* WORK REQUEST *
Transcribe, exactly and without pictures, the lines below from the line with "Протокол матча Варта Познань против Шленск" to the line with "- L'ensemble sur", both ends included, and no others.

**** SUPPLIED ENTRIES

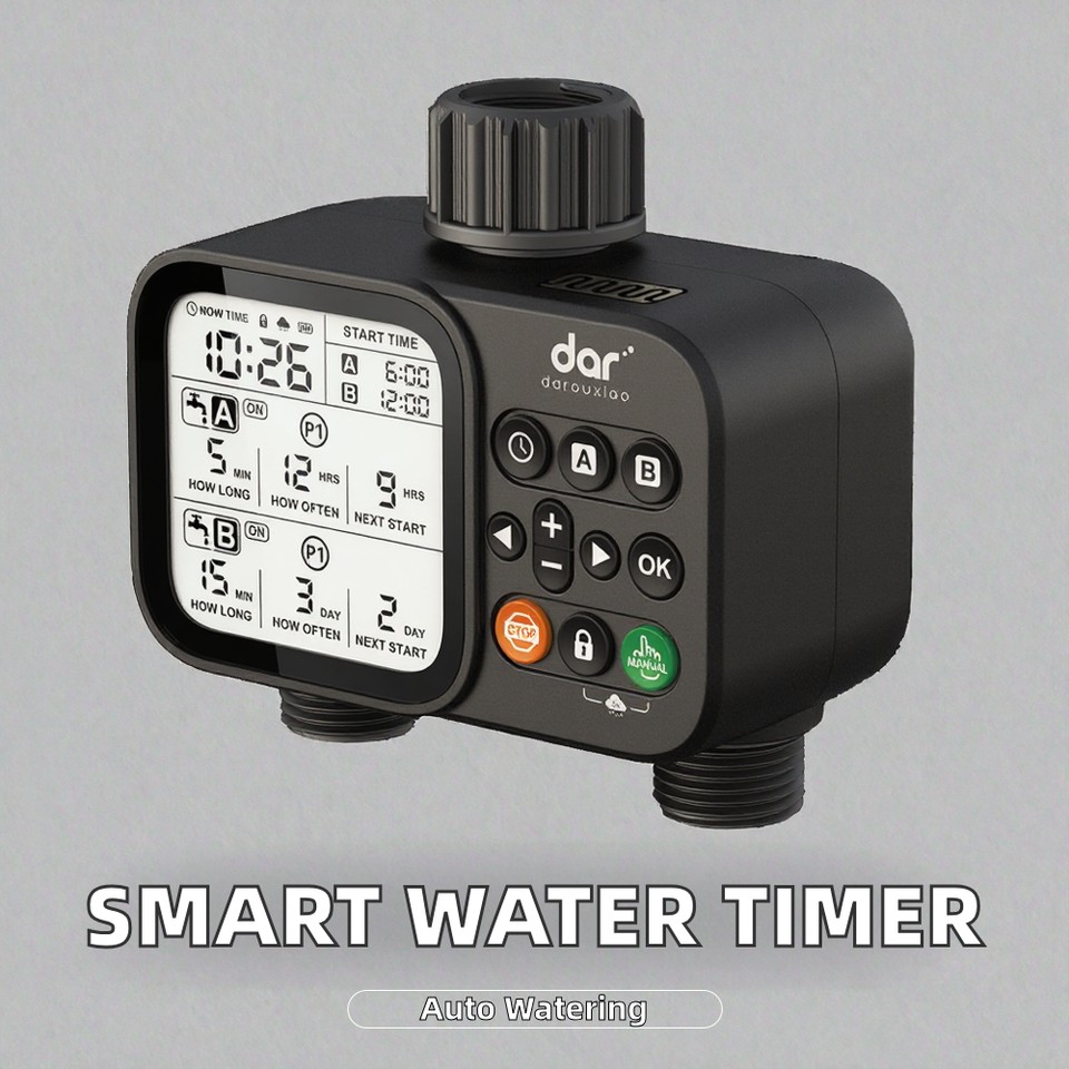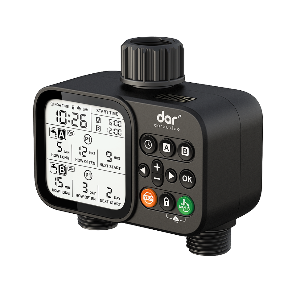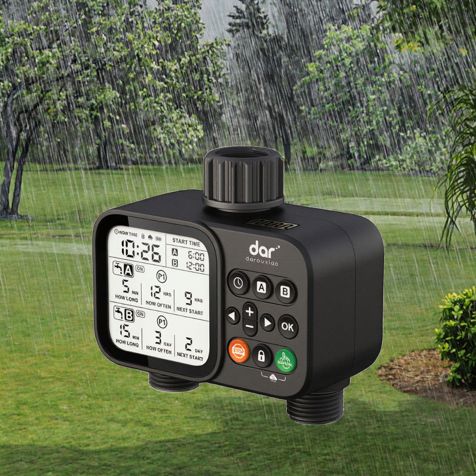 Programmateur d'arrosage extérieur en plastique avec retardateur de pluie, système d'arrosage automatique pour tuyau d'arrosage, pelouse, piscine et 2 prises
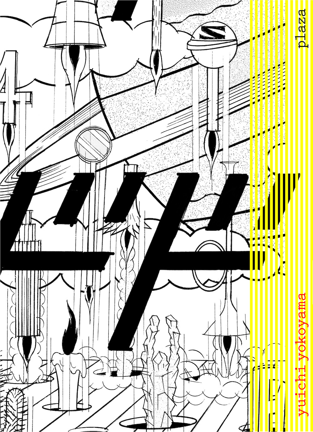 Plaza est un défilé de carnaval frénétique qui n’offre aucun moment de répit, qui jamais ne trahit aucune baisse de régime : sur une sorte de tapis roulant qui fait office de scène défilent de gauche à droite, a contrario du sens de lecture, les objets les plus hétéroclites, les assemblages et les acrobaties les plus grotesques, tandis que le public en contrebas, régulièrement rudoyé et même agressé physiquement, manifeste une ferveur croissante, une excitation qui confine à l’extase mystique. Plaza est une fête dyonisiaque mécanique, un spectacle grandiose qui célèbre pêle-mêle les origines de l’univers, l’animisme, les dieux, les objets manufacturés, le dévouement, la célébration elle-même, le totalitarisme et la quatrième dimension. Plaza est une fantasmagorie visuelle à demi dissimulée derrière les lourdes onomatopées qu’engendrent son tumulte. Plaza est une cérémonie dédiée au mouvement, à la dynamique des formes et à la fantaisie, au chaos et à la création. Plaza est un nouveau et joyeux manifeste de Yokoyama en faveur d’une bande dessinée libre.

********
**** SUPPLIED ENTRIES

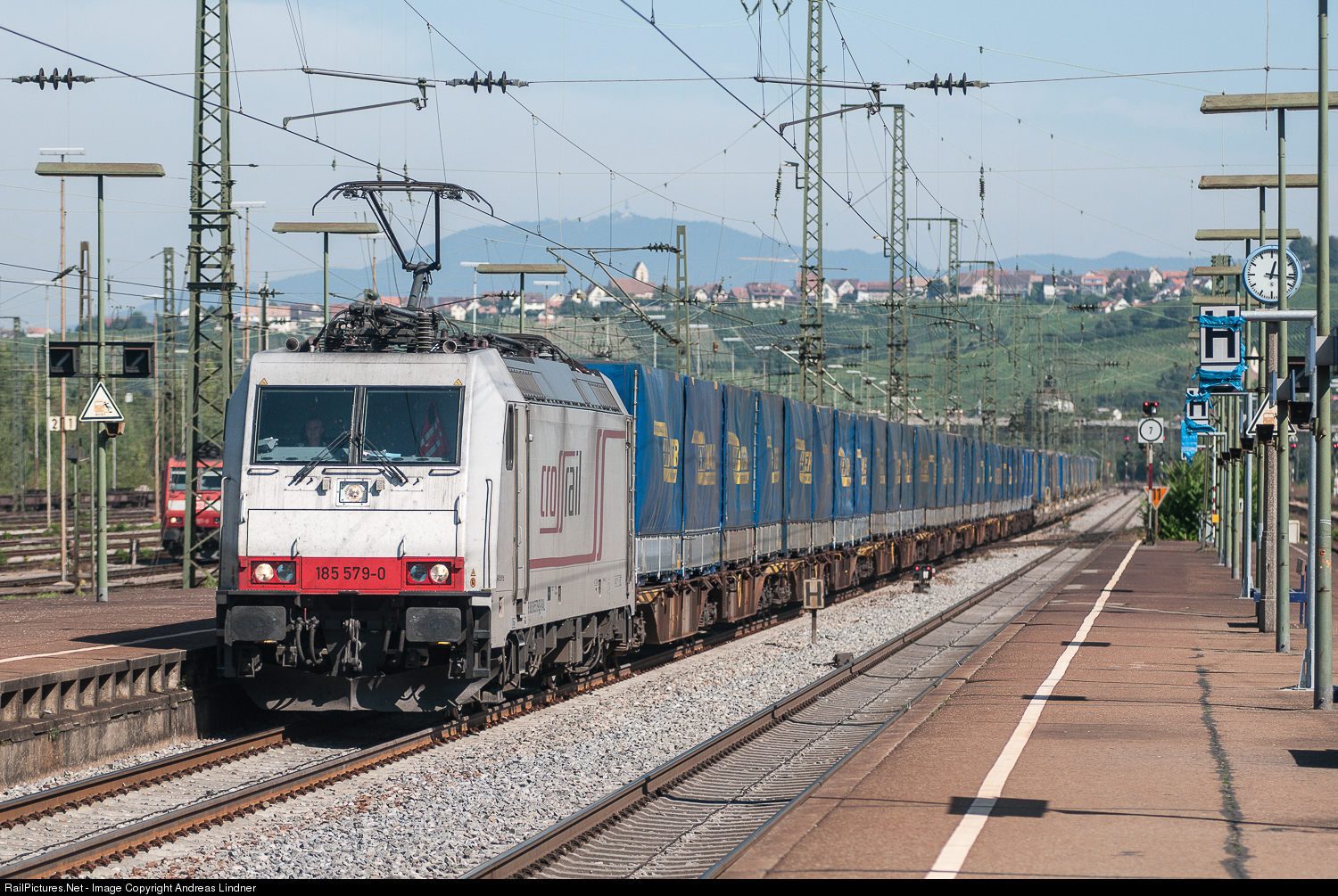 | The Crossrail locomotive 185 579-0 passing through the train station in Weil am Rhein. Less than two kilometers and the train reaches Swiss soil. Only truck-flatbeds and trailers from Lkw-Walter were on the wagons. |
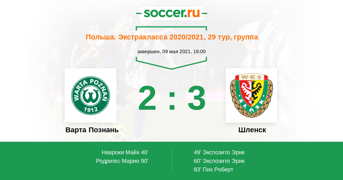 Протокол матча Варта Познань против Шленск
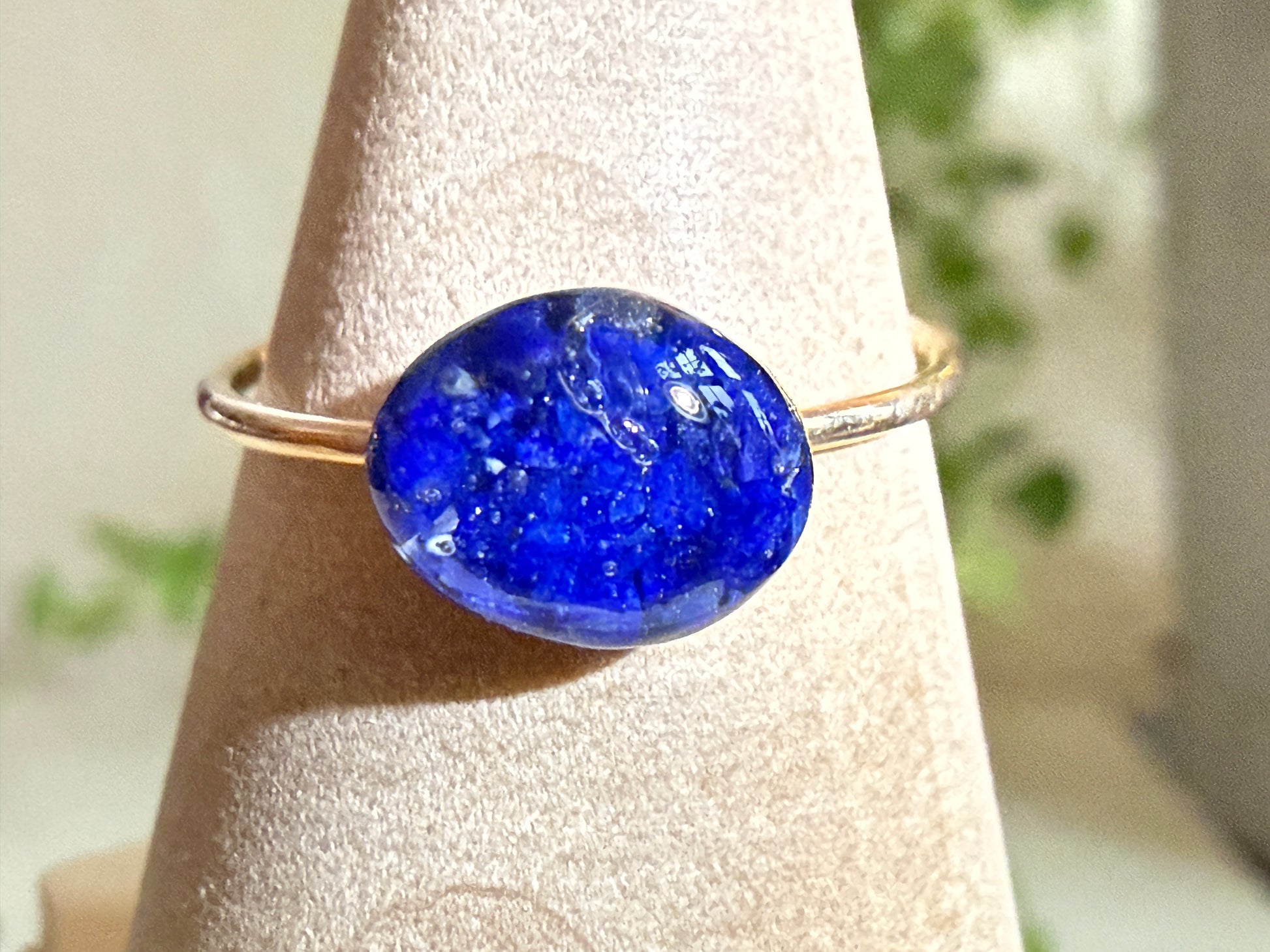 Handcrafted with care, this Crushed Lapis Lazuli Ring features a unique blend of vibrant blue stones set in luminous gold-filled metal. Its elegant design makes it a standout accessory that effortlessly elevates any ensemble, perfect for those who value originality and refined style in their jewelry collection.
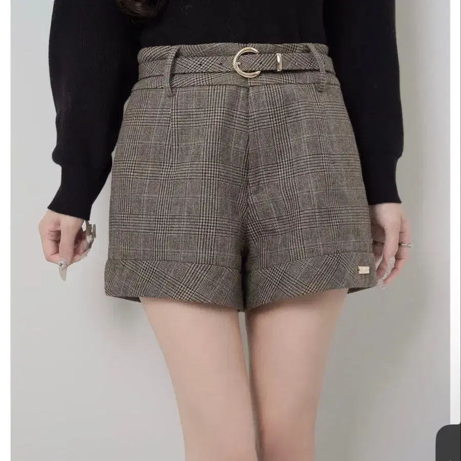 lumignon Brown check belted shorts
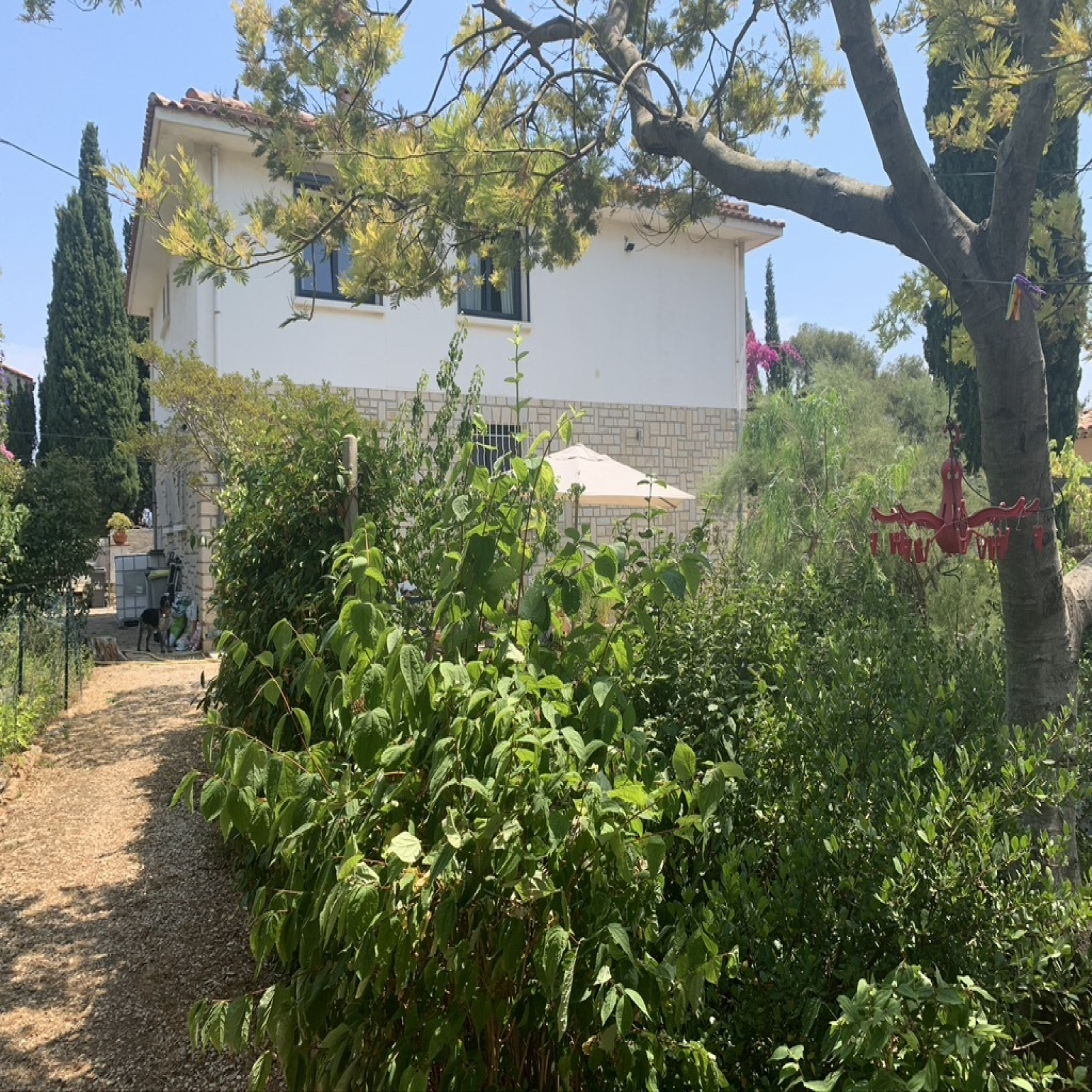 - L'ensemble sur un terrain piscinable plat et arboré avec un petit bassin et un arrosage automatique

********
**** SUPPLIED ENTRIES

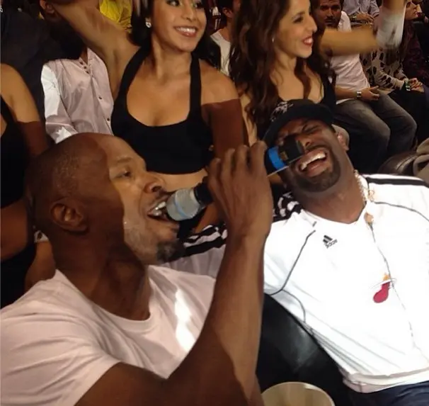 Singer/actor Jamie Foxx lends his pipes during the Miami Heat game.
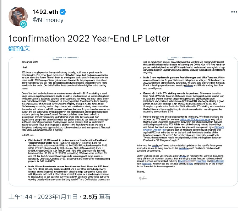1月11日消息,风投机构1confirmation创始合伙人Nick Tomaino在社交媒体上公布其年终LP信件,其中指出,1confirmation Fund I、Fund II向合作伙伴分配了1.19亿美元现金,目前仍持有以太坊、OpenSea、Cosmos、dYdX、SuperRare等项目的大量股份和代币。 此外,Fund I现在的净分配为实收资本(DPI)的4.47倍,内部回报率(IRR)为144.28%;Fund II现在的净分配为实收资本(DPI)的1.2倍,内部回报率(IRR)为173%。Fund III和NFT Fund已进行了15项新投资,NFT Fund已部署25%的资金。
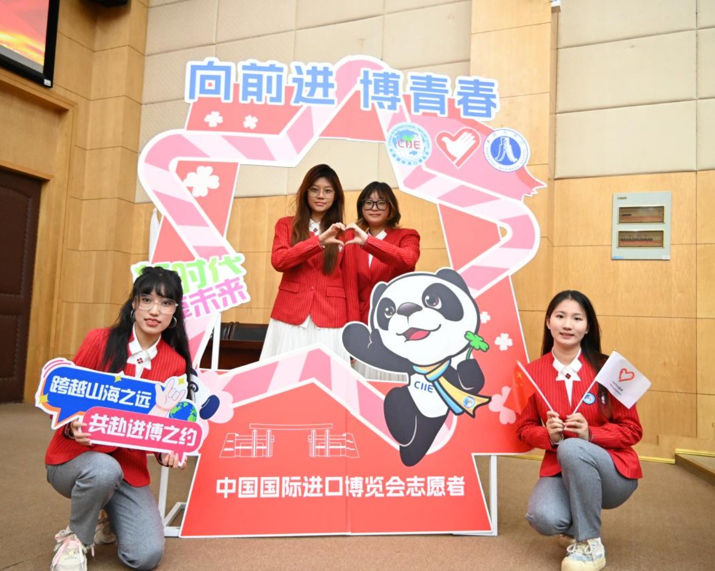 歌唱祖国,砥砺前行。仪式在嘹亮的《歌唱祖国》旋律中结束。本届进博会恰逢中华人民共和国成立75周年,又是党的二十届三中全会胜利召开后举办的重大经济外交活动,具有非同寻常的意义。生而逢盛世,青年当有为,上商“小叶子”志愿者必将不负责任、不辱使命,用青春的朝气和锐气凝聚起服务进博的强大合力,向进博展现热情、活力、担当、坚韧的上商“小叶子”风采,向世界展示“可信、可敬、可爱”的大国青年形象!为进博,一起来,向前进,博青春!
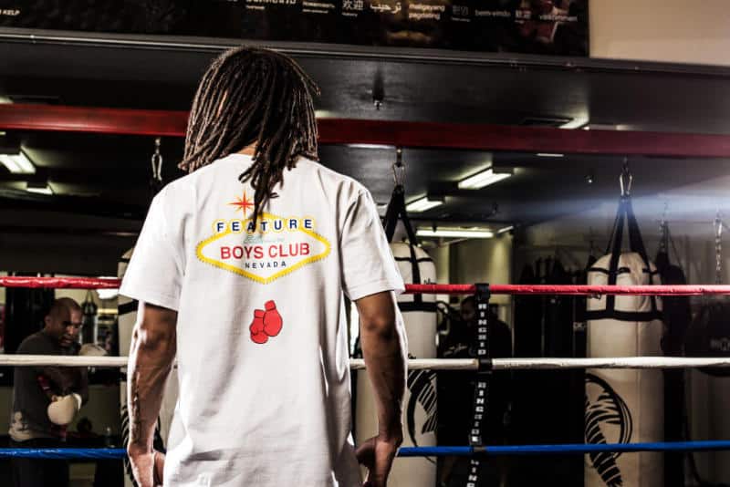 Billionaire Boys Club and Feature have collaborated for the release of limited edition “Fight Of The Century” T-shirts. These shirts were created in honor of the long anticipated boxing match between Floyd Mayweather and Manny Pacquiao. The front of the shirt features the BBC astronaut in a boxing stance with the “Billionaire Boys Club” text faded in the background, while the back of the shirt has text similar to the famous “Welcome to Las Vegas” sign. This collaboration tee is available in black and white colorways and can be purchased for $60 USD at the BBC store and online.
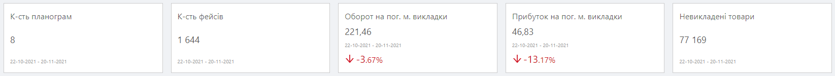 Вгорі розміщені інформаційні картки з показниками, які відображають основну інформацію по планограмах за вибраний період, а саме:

********

* RESULT *
 Протокол матча Варта Познань против Шленск
 Handcrafted with care, this Crushed Lapis Lazuli Ring features a unique blend of vibrant blue stones set in luminous gold-filled metal. Its elegant design makes it a standout accessory that effortlessly elevates any ensemble, perfect for those who value originality and refined style in their jewelry collection.
 lumignon Brown check belted shorts
 - L'ensemble sur un terrain piscinable plat et arboré avec un petit bassin et un arrosage automatique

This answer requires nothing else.